## THE PROBLEM:
Give the entries again exactly. Skip the pictures.
++++ INPUT FOR THIS TASK ++++
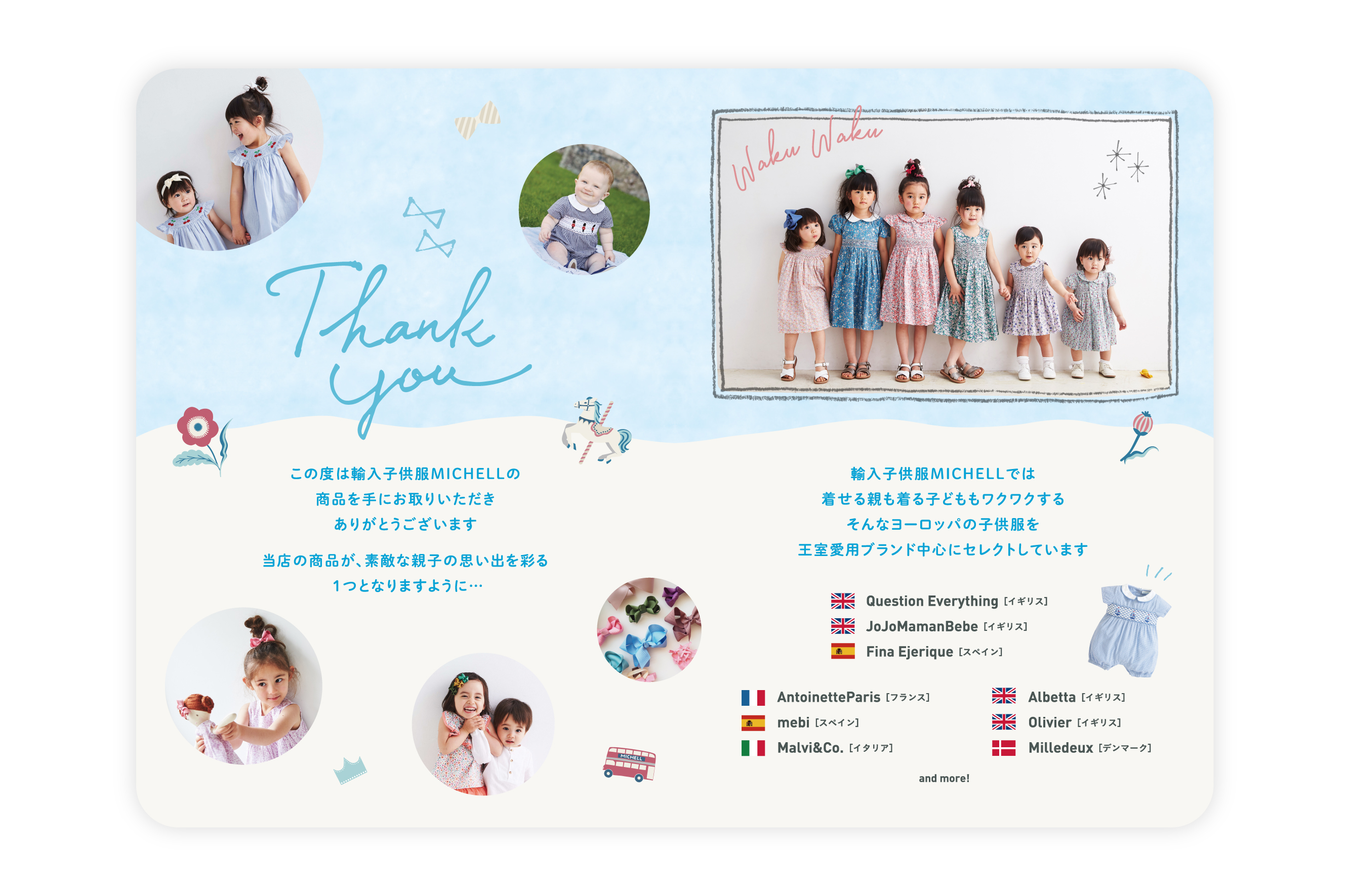 輸入子供服MICHELL様のThanksレターのデザイン・制作を担当しました。
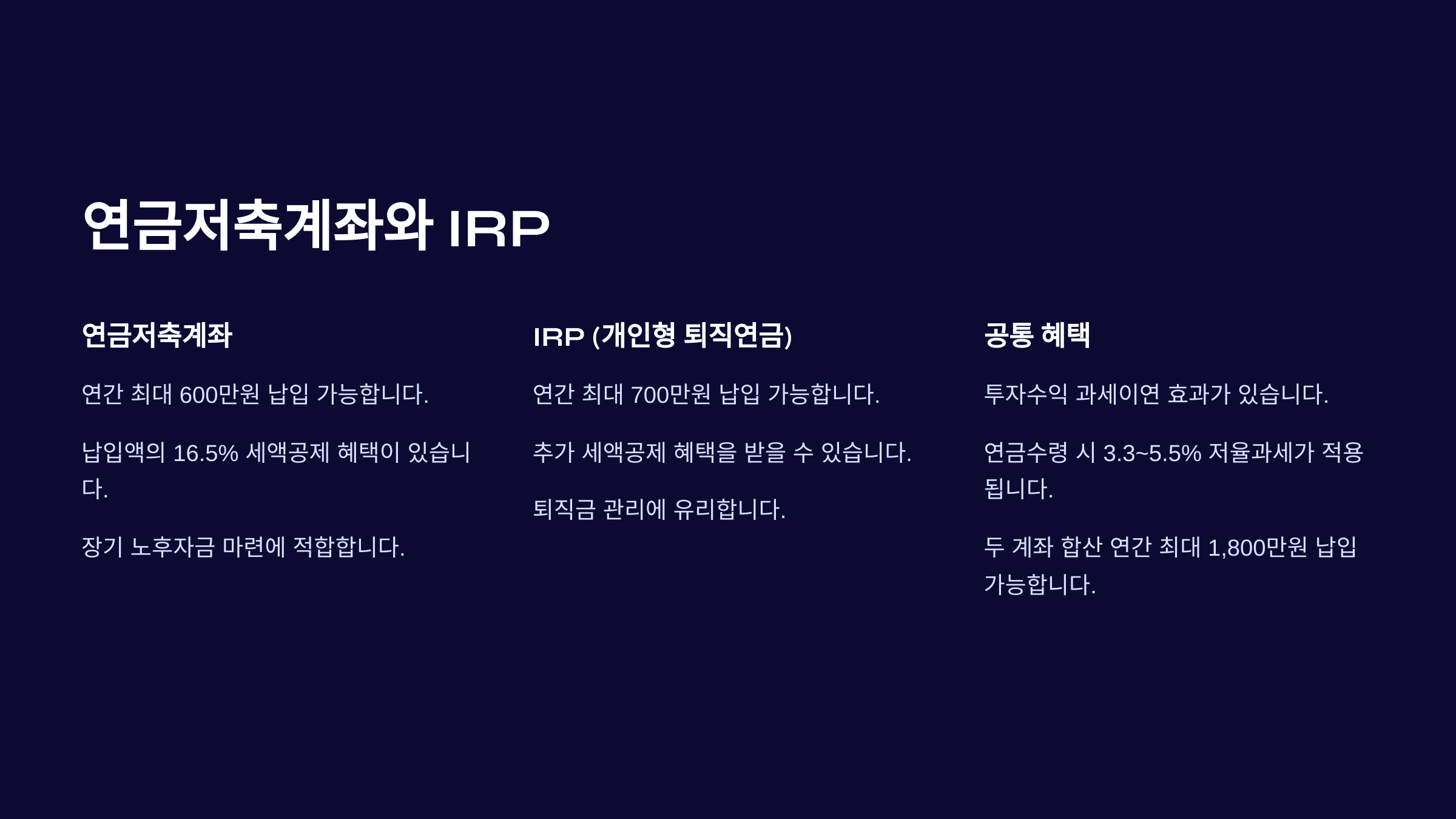 연금저축과 IRP는 '세액공제'와 '과세이연'이라는 강력한 절세 혜택을 주는 대표적인 노후 준비형 계좌예요. 노후를 위한 자산을 쌓으면서도 매년 세금 혜택을 받을 수 있어, 특히 직장인과 자영업자들에게 인기가 많아요.
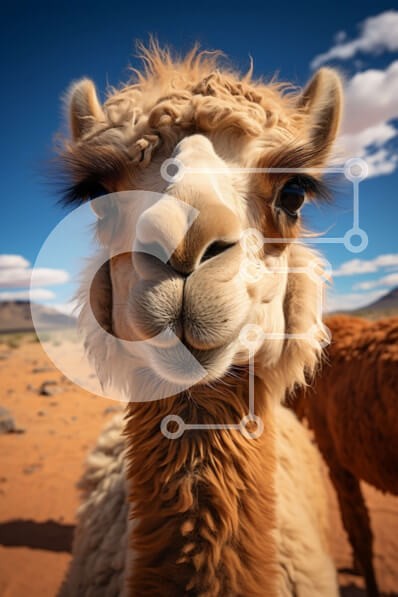 Υπάρχει δυνατότητα προσωποποίησης με δική σας φωτογραφία και προσαρμογής διαστάσεων κατόπιν παραγγελίας. Το συγεκεριμενο Puzzle 10x10 cm – 25 κομμ παρουσιαζει Αυτή η εικόνα απεικονίζει ένα κοντινό πλάνο του προσώπου μιας λάμας. Η λάμα κοιτάζει κατευθείαν την κάμερα με μια περίεργη έκφραση. Έχει απαλή, χνουδωτή γούνα, μακριές βλεφαρίδες και ζεστά καστανά μάτια. Το φόντο είναι ένας καταγάλανος ουραν
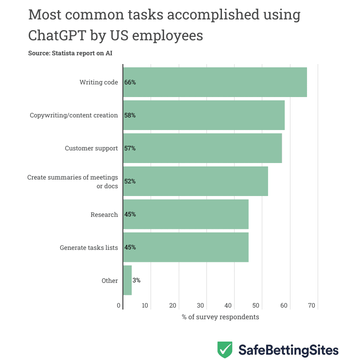The recent launch of ChatGPT has launched a serious discussion regarding the broader use of Artificial Intelligence. ChatGPT has become a useful tool in various lines of work in a short time since its release. According to the numbers presented by SecureBettingSites.com, ChatGPT has been most commonly used for coding, with 66% of users using it to write codes.
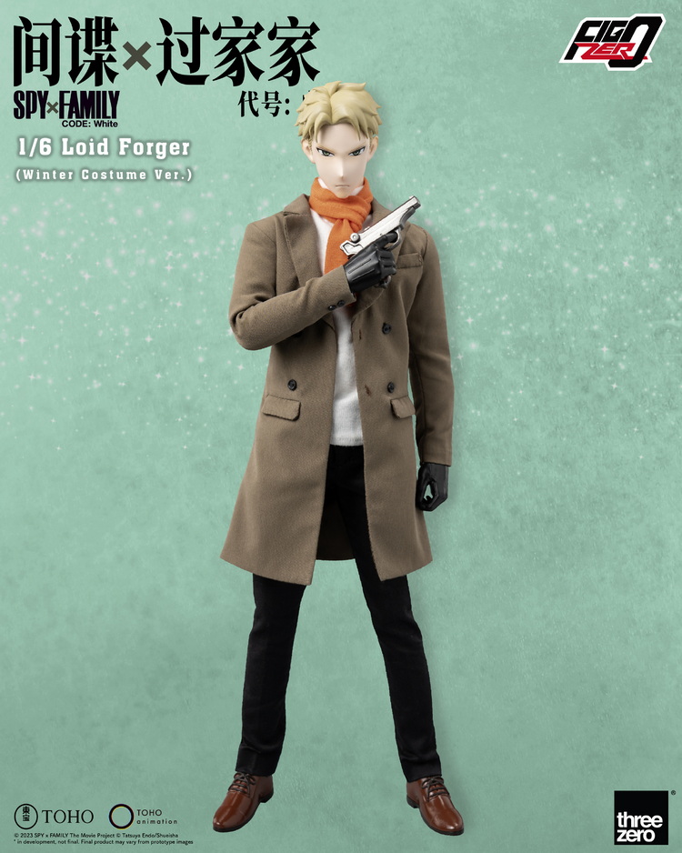 FigZero 1/6 劳埃德·福杰(冬季服装版)穿上《剧场版 SPY×FAMILY CODE: White》里的服装,包括白色衬衫、棕色大衣、棕色颈巾、长裤、鞋子,还有眼镜和手表。其他配件包括一把手枪、两个可互换面部部件(普通表情和微笑表情)和三双可互换手,以搭配他的动作姿势使用。
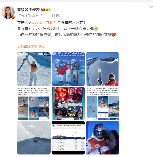 随后谷爱凌发文回应夺冠: 夺得今天云顶世界杯金牌真的不容易!血(雪?)水+汗水+泪水…赛了一场心理大战,为自己的坚持很自豪。这项运动的挑战也是它的精彩本身。
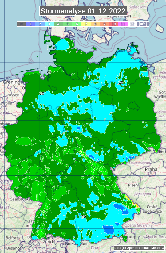Die Sturmanalyse vom 01.12.2022 zeigt die maximalen Windböen des Tages. Die Angabe erfolgt als Windstärke in Beaufort.
++++
## TASK RESULT:
 輸入子供服MICHELL様のThanksレターのデザイン・制作を担当しました。
 연금저축과 IRP는 '세액공제'와 '과세이연'이라는 강력한 절세 혜택을 주는 대표적인 노후 준비형 계좌예요. 노후를 위한 자산을 쌓으면서도 매년 세금 혜택을 받을 수 있어, 특히 직장인과 자영업자들에게 인기가 많아요.
 Υπάρχει δυνατότητα προσωποποίησης με δική σας φωτογραφία και προσαρμογής διαστάσεων κατόπιν παραγγελίας. Το συγεκεριμενο Puzzle 10x10 cm – 25 κομμ παρουσιαζει Αυτή η εικόνα απεικονίζει ένα κοντινό πλάνο του προσώπου μιας λάμας. Η λάμα κοιτάζει κατευθείαν την κάμερα με μια περίεργη έκφραση. Έχει απαλή, χνουδωτή γούνα, μακριές βλεφαρίδες και ζεστά καστανά μάτια. Το φόντο είναι ένας καταγάλανος ουραν
The recent launch of ChatGPT has launched a serious discussion regarding the broader use of Artificial Intelligence. ChatGPT has become a useful tool in various lines of work in a short time since its release. According to the numbers presented by SecureBettingSites.com, ChatGPT has been most commonly used for coding, with 66% of users using it to write codes.
 FigZero 1/6 劳埃德·福杰(冬季服装版)穿上《剧场版 SPY×FAMILY CODE: White》里的服装,包括白色衬衫、棕色大衣、棕色颈巾、长裤、鞋子,还有眼镜和手表。其他配件包括一把手枪、两个可互换面部部件(普通表情和微笑表情)和三双可互换手,以搭配他的动作姿势使用。
 随后谷爱凌发文回应夺冠: 夺得今天云顶世界杯金牌真的不容易!血(雪?)水+汗水+泪水…赛了一场心理大战,为自己的坚持很自豪。这项运动的挑战也是它的精彩本身。
Die Sturmanalyse vom 01.12.2022 zeigt die maximalen Windböen des Tages. Die Angabe erfolgt als Windstärke in Beaufort.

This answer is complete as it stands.